A couple of new Code for America projects unveiled this week will seek to broach the issue under the leadership of city policymakers in Louisville, Kentucky and New York City. Former New Jersey Attorney General Anne Milgram, now a vice president at the non profit the Arnold Foundation in New York City will guide the effort.

Like a growing number of criminal justice reformers in the United States, Milgram believes that better data collection and statistical analysis could help local law enforcement officials make better, more rationale decisions — just as policymakers are doing in the fields of healthcare and businesspeople are doing in sports.

"The idea is to moneyball criminal justice, to pull together data from all these different sources, from all these different people, and to be able to figure out who’s doing what, what’s happening, and what types of applications can be created to make the system work better, work fairer, and reduce crime and be more efficient," she told a roomful of people at the Code for America Summit in San Francisco this week, referring to Michael Lewis' book about the economics of baseball and statistical analysis.

The subject of criminal justice reform is especially pertinent to cash-strapped states and counties, she noted, since prison spending forms one of the biggest part of state budgets.
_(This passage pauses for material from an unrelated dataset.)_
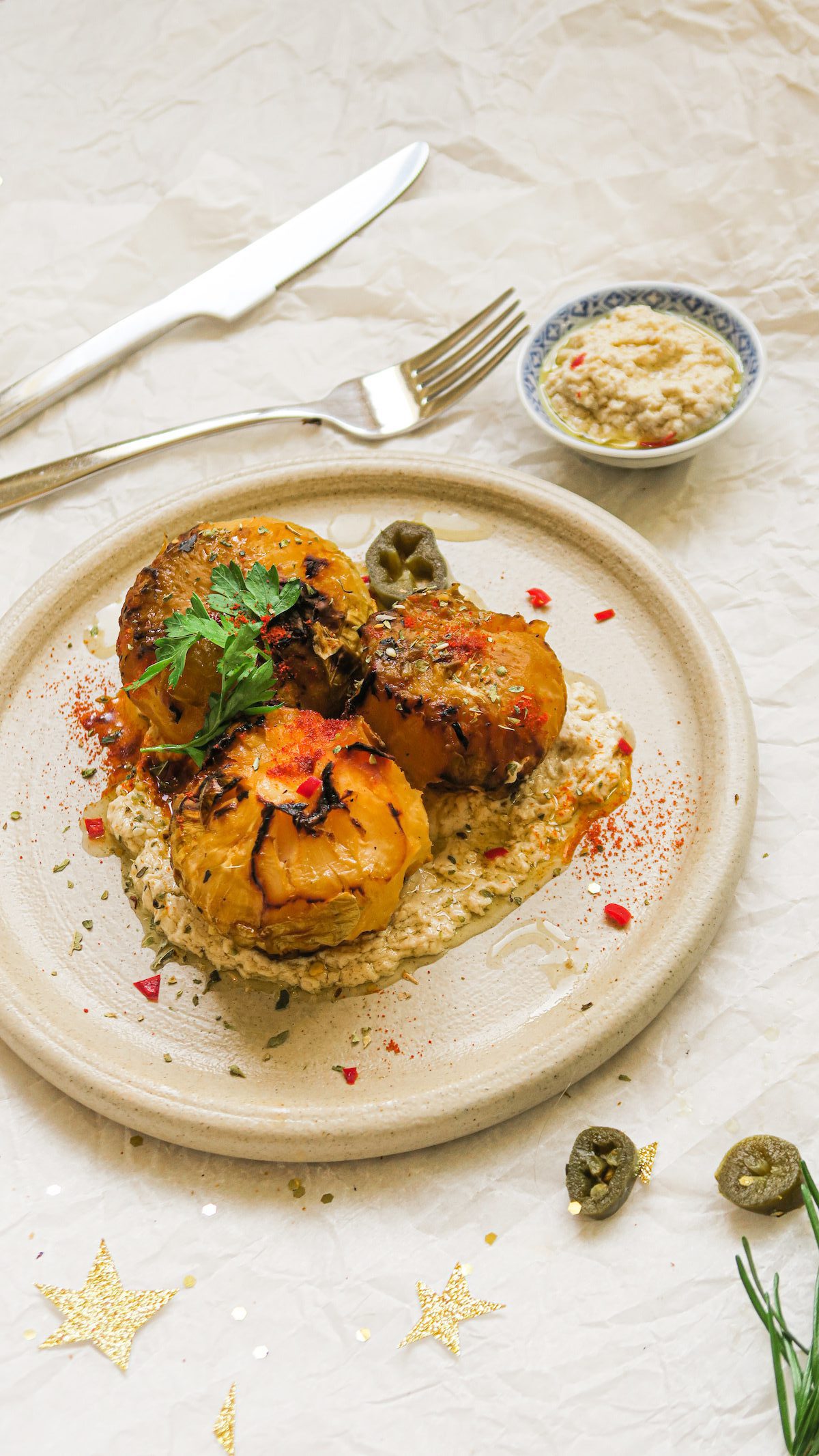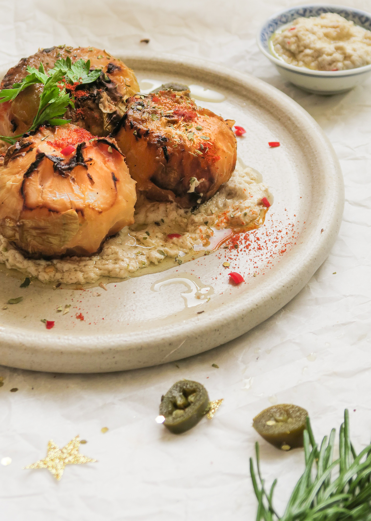 Maak af met een beetje gerookt paprikapoeder, een beetje za’atar, de rode chilipeper, de jalapeno en de verse peterselie.

The fellows have yet to be assigned, and the full details of how Milgram and New York and Kentucky will approach the issue have yet to be hashed out. But the idea is to formulate a systematic method of collecting verifiable and reliable information about the people who are arrested that can be analyzed to assess risk.

Milgram said that she first got the idea when she was New Jersey's attorney general. Her office had jurisdiction over the state's 9,500 person criminal enforcement system, and so she took regular meetings with local police. One of the towns that she dealt with was Camden, which was, and still is, known as the most dangerous city in America.

"When I got there, I was struck by the lack of data and technology," Milgram recalled. "What they had were yellow stickies: The captain in charge of homicide would stand up in meetings and hold up a yellow sticky and say: ‘Well, last week we had three homicides. Here are the addresses, we have no suspects.' And then the person sitting next to him in charge of robberies would say: 'Last week, we had 40 robberies, here are the locations, we have no suspects.'"

That’s not data — at least, it’s not data that can be used practically to fight crime. We changed that by using technology to convince the police department to not only collect the data, but also to use it"

In a follow-up interview, Milgram acknowledges that crime is still a serious problem in Camden, but she notes that the city has suffered severe cuts to its police force, which hobbled the effectiveness of her reforms.

A study from the non-profit group the Pretrial Justice Institute published earlier this year confirms Milgram's central thesis: The operations of local law enforcement are impenetrable because those local law enforcement authorities haven't gathered enough reliable data about the people that they arrest, and even when they do, they don't have the information technology to store and analyze the relevant information.

Milgram finds that incredible, given the amount of money that's being spent on putting people away.

"I’ve spent a lot of time over the past year talking with police chiefs, prosecutors, public defenders, courts, jails, prisons, probations officers and parole, and I’ve asked them: ‘Who’s in your system?’ What offenses are driving your system? How long are people staying? How long does it take for people to make bail? What’s the average amount of time that people are staying?' They can’t answer those questions," she said.

She hopes to begin to change this with her work at the Arnold Foundation, and Code for America. CfA's Founder and Executive Director Jennifer Pahlka acknowledges that the one-year program won't change the system overnight, but the goal is to establish a framework from which criminal justice reformers can move forward.